Information shown:
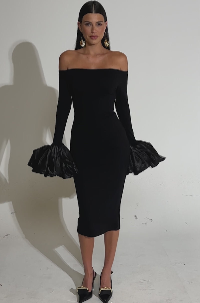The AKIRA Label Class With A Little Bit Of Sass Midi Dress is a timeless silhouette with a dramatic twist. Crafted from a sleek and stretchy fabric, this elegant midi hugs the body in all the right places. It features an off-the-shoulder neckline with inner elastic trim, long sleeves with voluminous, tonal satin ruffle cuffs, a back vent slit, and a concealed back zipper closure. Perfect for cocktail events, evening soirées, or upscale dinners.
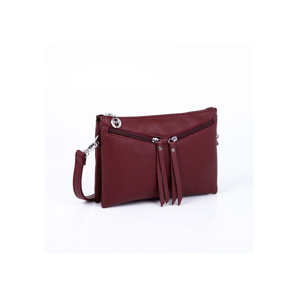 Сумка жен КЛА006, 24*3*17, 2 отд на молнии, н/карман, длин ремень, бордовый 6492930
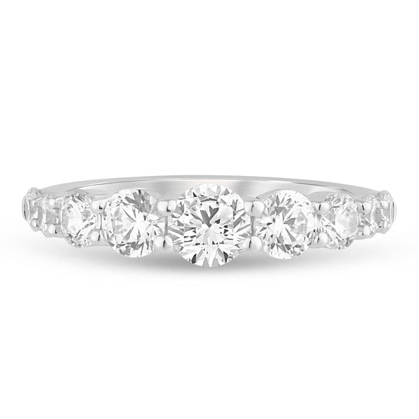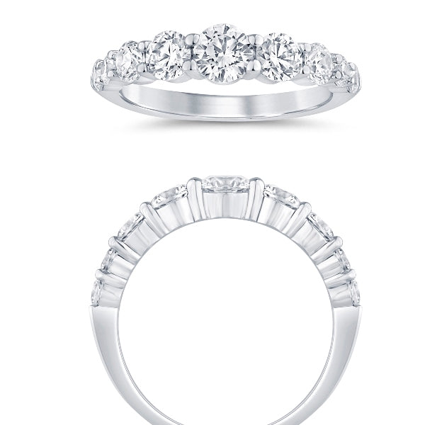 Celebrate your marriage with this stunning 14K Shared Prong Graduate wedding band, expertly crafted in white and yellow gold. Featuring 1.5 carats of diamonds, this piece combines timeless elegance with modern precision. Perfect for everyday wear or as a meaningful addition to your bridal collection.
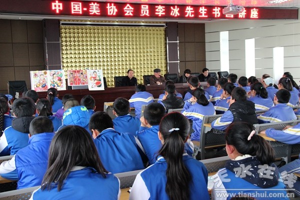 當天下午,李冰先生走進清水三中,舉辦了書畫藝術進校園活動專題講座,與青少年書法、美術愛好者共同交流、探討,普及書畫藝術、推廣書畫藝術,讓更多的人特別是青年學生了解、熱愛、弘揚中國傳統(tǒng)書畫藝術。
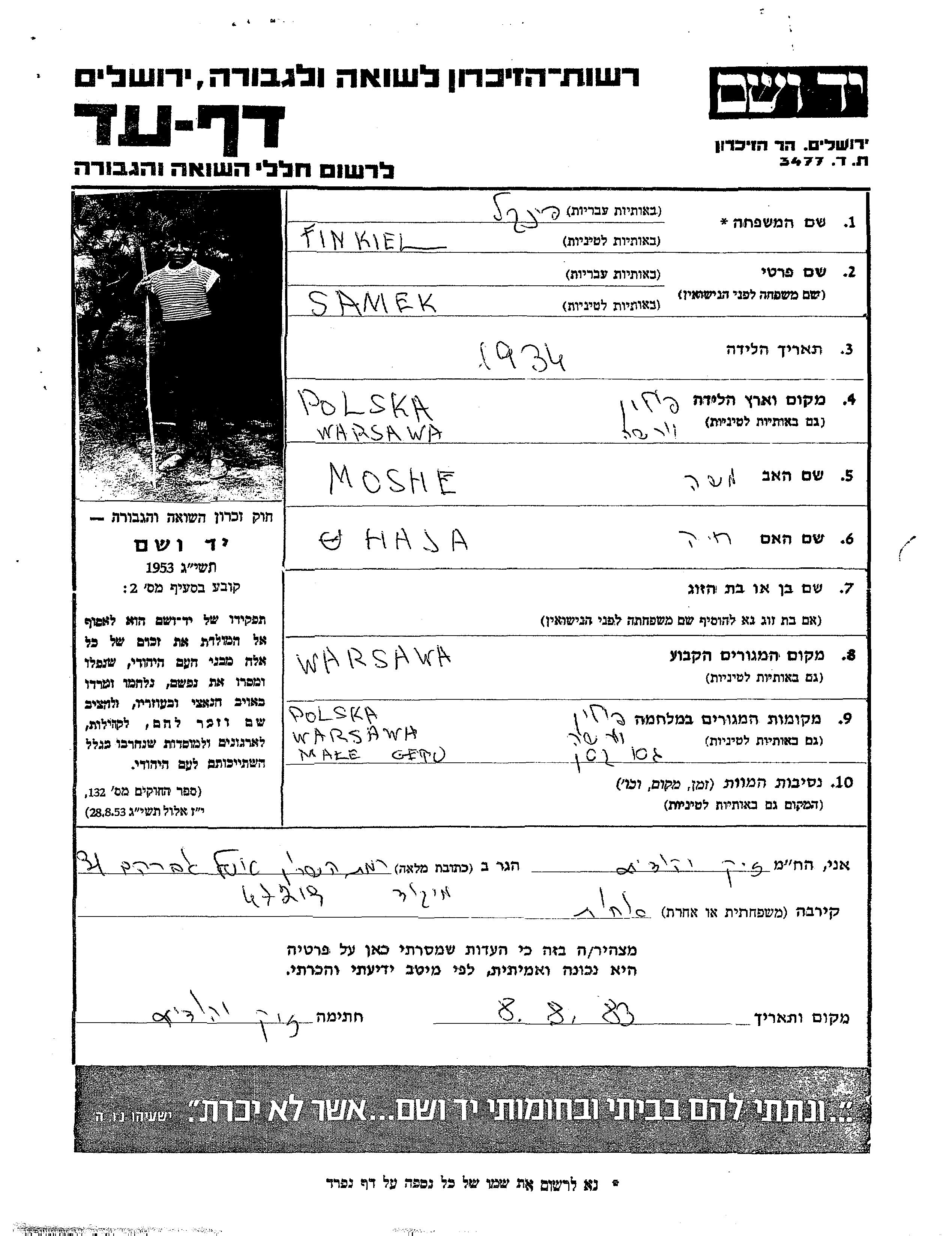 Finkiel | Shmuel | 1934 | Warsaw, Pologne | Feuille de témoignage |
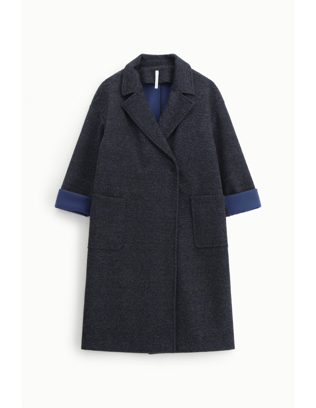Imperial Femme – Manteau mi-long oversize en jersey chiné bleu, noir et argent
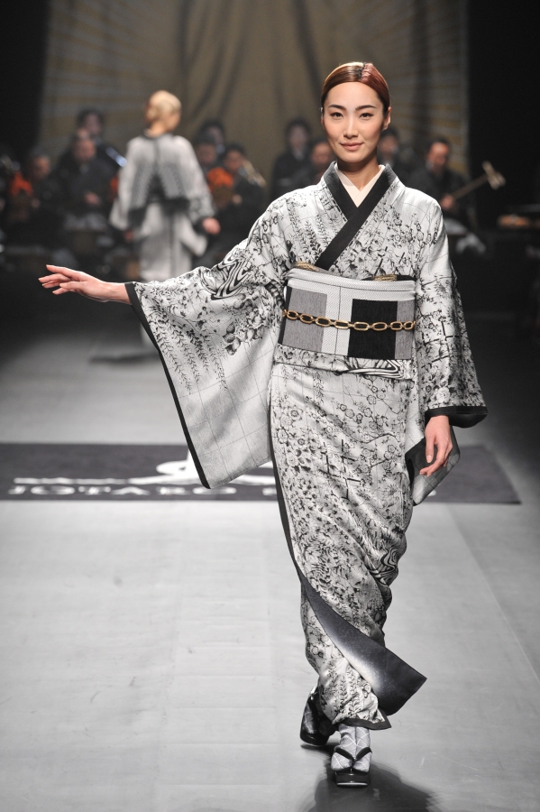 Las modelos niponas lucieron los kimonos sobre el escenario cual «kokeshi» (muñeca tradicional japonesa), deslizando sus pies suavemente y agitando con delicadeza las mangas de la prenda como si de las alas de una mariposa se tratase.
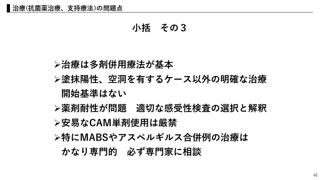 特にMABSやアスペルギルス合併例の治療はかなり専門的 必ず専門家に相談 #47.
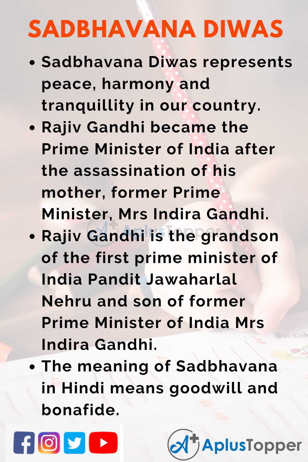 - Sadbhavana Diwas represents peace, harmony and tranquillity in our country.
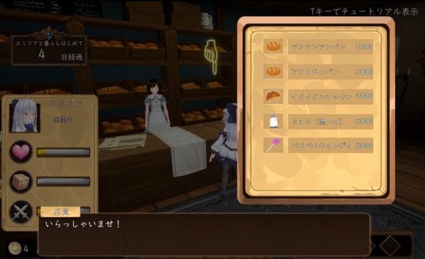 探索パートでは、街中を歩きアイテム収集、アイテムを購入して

Activity:
Word for word, repeat all of the entries above, leaving out the pictures.

Response box:
The AKIRA Label Class With A Little Bit Of Sass Midi Dress is a timeless silhouette with a dramatic twist. Crafted from a sleek and stretchy fabric, this elegant midi hugs the body in all the right places. It features an off-the-shoulder neckline with inner elastic trim, long sleeves with voluminous, tonal satin ruffle cuffs, a back vent slit, and a concealed back zipper closure. Perfect for cocktail events, evening soirées, or upscale dinners.
 Сумка жен КЛА006, 24*3*17, 2 отд на молнии, н/карман, длин ремень, бордовый 6492930
 Celebrate your marriage with this stunning 14K Shared Prong Graduate wedding band, expertly crafted in white and yellow gold. Featuring 1.5 carats of diamonds, this piece combines timeless elegance with modern precision. Perfect for everyday wear or as a meaningful addition to your bridal collection.
 當天下午,李冰先生走進清水三中,舉辦了書畫藝術進校園活動專題講座,與青少年書法、美術愛好者共同交流、探討,普及書畫藝術、推廣書畫藝術,讓更多的人特別是青年學生了解、熱愛、弘揚中國傳統(tǒng)書畫藝術。
 Finkiel | Shmuel | 1934 | Warsaw, Pologne | Feuille de témoignage |
Imperial Femme – Manteau mi-long oversize en jersey chiné bleu, noir et argent
 Las modelos niponas lucieron los kimonos sobre el escenario cual «kokeshi» (muñeca tradicional japonesa), deslizando sus pies suavemente y agitando con delicadeza las mangas de la prenda como si de las alas de una mariposa se tratase.
 特にMABSやアスペルギルス合併例の治療はかなり専門的 必ず専門家に相談 #47.
 - Sadbhavana Diwas represents peace, harmony and tranquillity in our country.
 探索パートでは、街中を歩きアイテム収集、アイテムを購入して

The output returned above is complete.